While PCA reduces the dimensionality of the data by describing the largest axes of variation irrespective of treatment, there is another multivariate statistical technique, canonical linear discriminant analysis (CLDA), that instead focuses on what linear combinations of variables can best explain most of the variation in the data according to a pre-defined grouping of samples. Specifically, CLDA seeks a discriminant function that maximizes the between-group variance to the within-group variance, and its main purpose is enabling prediction of group membership of the samples based on a linear combination of the variables (McLachlan 1992). Thus, we also performed CLDA to study differences between mating group sizes by analysing whether variation in SFP transcript expression between samples differs depending on the mating group size.


Seminal fluid transcripts are highly correlated in their expression

The correlation network (Fig. 1) confirmed the phenotypically highly correlated nature of seminal fluid transcript expression level: correlation coefficients for pairs of transcripts ranged between −0.31 and 1.00, with an average value of 0.38; 78% of correlations had P values smaller than 0.05 (not shown). In addition, at least four separate clusters of highly correlated transcripts can be observed on the correlation network (Fig. 1).

Fig. 1
figure 1

Phenotypic (left) and genetic (right) coexpression network of 58 seminal fluid transcripts in M. lignano based on Pearson’s product moment correlation coefficients. Nodes (numbers) represent the Mlig-pro1Mlig-pro76 transcripts, plus four prostate-limited transcripts (2216.1, 23926, 471.4 and 44523; depicted in the figure with their transcript IDs from the MLRNA110815 transcriptome assembly). Lines represent correlation coefficients between transcripts (red: negative, black: positive), with line width scaled according to the strength of each correlation (thicker = stronger).

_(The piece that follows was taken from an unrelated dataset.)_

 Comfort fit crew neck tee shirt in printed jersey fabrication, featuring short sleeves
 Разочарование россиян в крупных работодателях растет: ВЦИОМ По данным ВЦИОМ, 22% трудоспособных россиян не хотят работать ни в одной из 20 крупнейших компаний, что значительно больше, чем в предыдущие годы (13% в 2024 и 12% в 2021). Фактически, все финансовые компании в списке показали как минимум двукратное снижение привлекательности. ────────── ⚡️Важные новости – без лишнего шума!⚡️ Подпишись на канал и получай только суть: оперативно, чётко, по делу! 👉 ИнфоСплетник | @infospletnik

The group of highly correlated nodes, for example, appearing to the lower part of the network means that these nodes have higher correlations between each other than with the other transcripts. Genetic correlations were estimated from Pearson’s product−moment correlation coefficients based on genotype means for each transcript (mating group sizes were pooled) (colour figure online)

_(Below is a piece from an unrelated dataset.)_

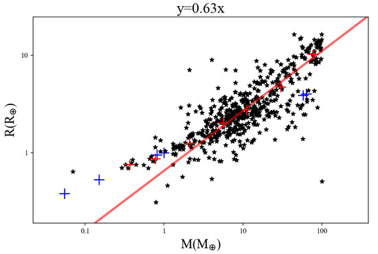 The correlation between the mass and radius of minor planets, the red plus sign indicates taking the bin and the blue plus sign indicates planets within the solar system.

The PCA identified four orthogonal (uncorrelated) PCs of seminal fluid transcript expression that individually explained more than 5% of the total variation with an eigenvalue >2. We interpreted component loadings for each transcript to these eigenvectors of higher than an absolute value of 0.44 as biologically significant at the P = 0.01 level (Table S2) (Norman and Streiner 2009). Together these PCs explained a substantial proportion (ca. 76%) of the total variation (Table 1). PC1 accounted for ca. 42% of the total variance, including positive loadings >0.44 for 39/58 transcripts; with no corresponding negative loadings, PC1 can therefore be interpreted as capturing overall investment in seminal fluid transcript expression. By contrast, PC2–PC4 each exhibited a mixture of positive and negative loadings for a smaller subset of SFP transcripts (Table 1 and Table S2); they thus describe variation in seminal fluid composition. We did not include the subsequent PCs in the main analyses since each captured variation in only one or two transcripts, and they do not therefore provide additional insight beyond the single transcript analyses (Table S2).

Table 1 Principal component analysis of seminal fluid transcript expression in M. lignano

Mating group size affects seminal fluid transcript composition but not overall investment

We compared seminal fluid transcript expression levels between the two mating group sizes based on the outcome of the PCA globally, as well as for each transcript separately. We first evaluated the variances for mating group size by performing Levene’s test (Levene 1960) to confirm whether mating group sizes have equal variances. The P values of Levene tests for PC1 to 4 (0.85, 0.95, 0.92 and 0.69) indicate homoscedasticity of variances. The LMMs revealed a significant effect of mating group size only for PC2 (Table 2, Fig. 2). According to the GLMM analyses of single transcripts, at a false discovery rate of 10%, we found no transcripts exhibited significant differences in their expression level between pairs and octets (Table S3). By contrast, when we performed a separate PCA including also isolated samples, isolated individuals showed clear evidence of conserved investment in seminal fluid transcript expression (PC1), with markedly lower expression levels compared to pairs and octets (see Table S5 and Fig. S3).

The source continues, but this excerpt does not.